No. 03-43250 Japanese Patent Laid-Open No. 08-73292

  However, the crucible disclosed in Patent Document 1 described above is provided with a level difference between the straight body part and the tray part, and is fixed by engaging the level difference. Therefore, if the roundness of the straight body part is not as designed and there is a dimensional error, or if the straight body part is deformed while the straight body part is being transported from the production location to the assembly location, the Since it is difficult to mesh the steps of the straight body part and the tray part, it is necessary to correct the distortion of the straight body part. If it is going to eliminate such a problem, in order to raise the roundness of a straight body part, a highly accurate process will be needed and it will become high-cost. In addition, since the distortion of the straight body portion must be accurately performed and considerable labor must be paid for the distortion correction, the delivery time becomes long.

In addition, the crucible disclosed in Patent Document 2 uses a thin carbon fiber reinforced carbon composite material in the straight body portion, but is not designed in consideration of the dimensional accuracy of the cylindrical portion. Therefore, similarly to the crucible disclosed in Patent Document 1, there is a problem that the straight body part and the tray part cannot be fixed due to deformation of the straight body part or the like. In addition, an annular spacer is required to suppress the cylindrical portion (straight barrel portion) from the inside. Therefore, even in the crucible disclosed in Patent Document 2, there is a problem that the cost is high and the delivery time is long.
Therefore, conventionally, a carbon crucible having a structure in which a straight body portion and a receiving tray portion are divided to prevent cracking of the crucible, and at a low cost and capable of a short delivery time, and a manufacturing method thereof are desired. It was.

  The present invention has been devised in view of the above circumstances. An object of the present invention is to provide a carbon crucible having a structure in which a straight body portion and a receiving tray portion are divided to prevent cracking of the crucible, and at a low cost and capable of a short delivery time, and a method for manufacturing the same. It is.

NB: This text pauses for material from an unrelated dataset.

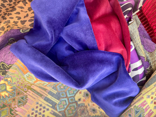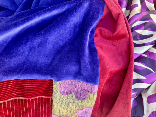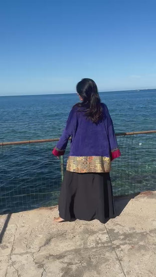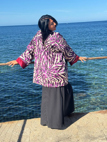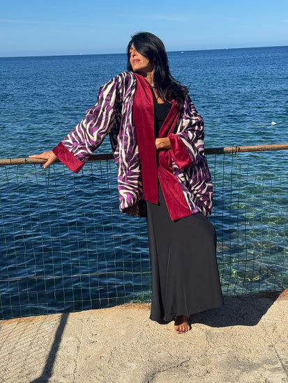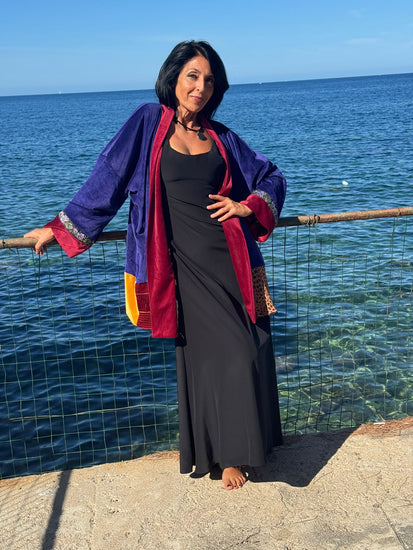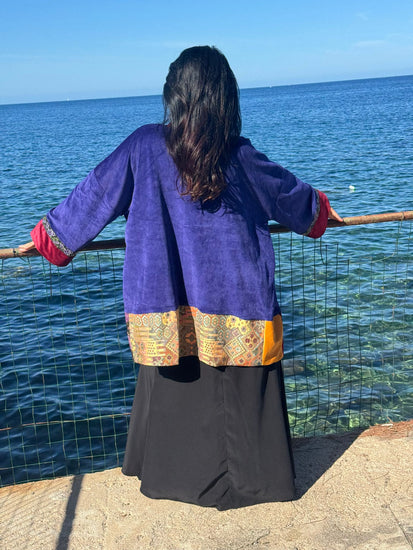 Saphira è una giacca dal carattere prezioso e versatile. Saphira è realizzata in morbido velluto viola intenso, è impreziosita da inserti in seta con motivi geometrici e dettagli in tessuto etnico nei toni dell’oro e del rosso, che ne esaltano il fascino artigianale. La particolarità di Saphira è la reversibilità: può essere indossata sia sul lato vellutato, elegante e raffinato, sia sul lato in seta stampata, più vivace e scenografico. Saphira è un capo trasformista, capace di adattarsi a contesti diversi, dall’atmosfera bohemienne a quella più sofisticata.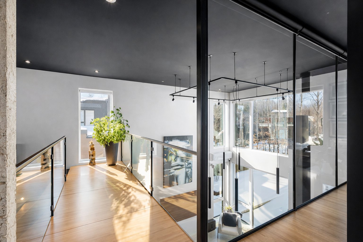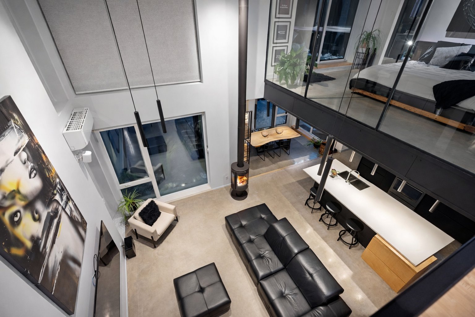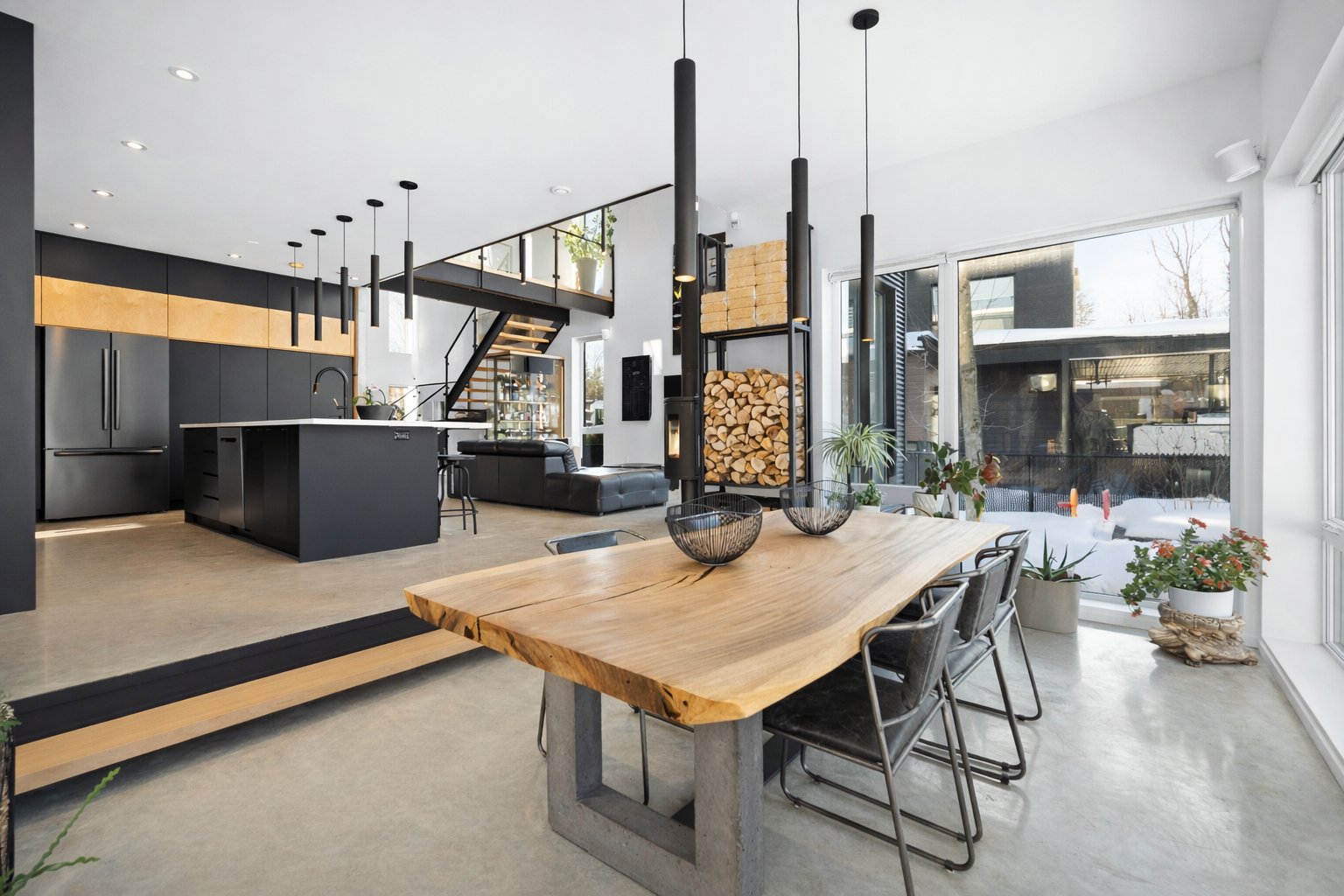 Dès l'entrée, le salon impressionne avec son plafond cathédrale, sa passerelle au 2e étage et son mur de verre qui créent un effet architectural spectaculaire. L'escalier acier/bois avec garde-corps de verre et le foyer scandinave viennent renforcer le caractère unique et contemporain de l'espace.

  In order to achieve the above object, the present invention is a carbon crucible provided with a straight body part and a saucer part and divided into upper and lower parts, and the upper end surface of the saucer part contacting the straight body part has an inner peripheral side or A stepped portion is provided in which either one of the outer peripheral sides is higher than the other. The straight body portion is fitted to the stepped portion, and in the fitted state, the stepped portion and the straight portion are fitted. The gist is that a gap is provided between the body portion and the body portion.

  According to the above configuration, when the straight body part and the tray part are combined at the customer, even if the dimensions are not as designed due to the roundness of the straight body part, the clearance becomes a clearance so that smooth fitting is achieved. Can be planned. In addition, the straight body portion may be deformed during transportation, and even in such a case, the clearance becomes a clearance, so that it is possible to perform fitting with minimum effort such as correction of distortion. As a result, it is possible to cope with a short delivery time. Further, a member such as an annular spacer that suppresses the cylindrical portion (straight barrel portion) from the inside as in the conventional example is unnecessary. As a result, cost reduction can be realized.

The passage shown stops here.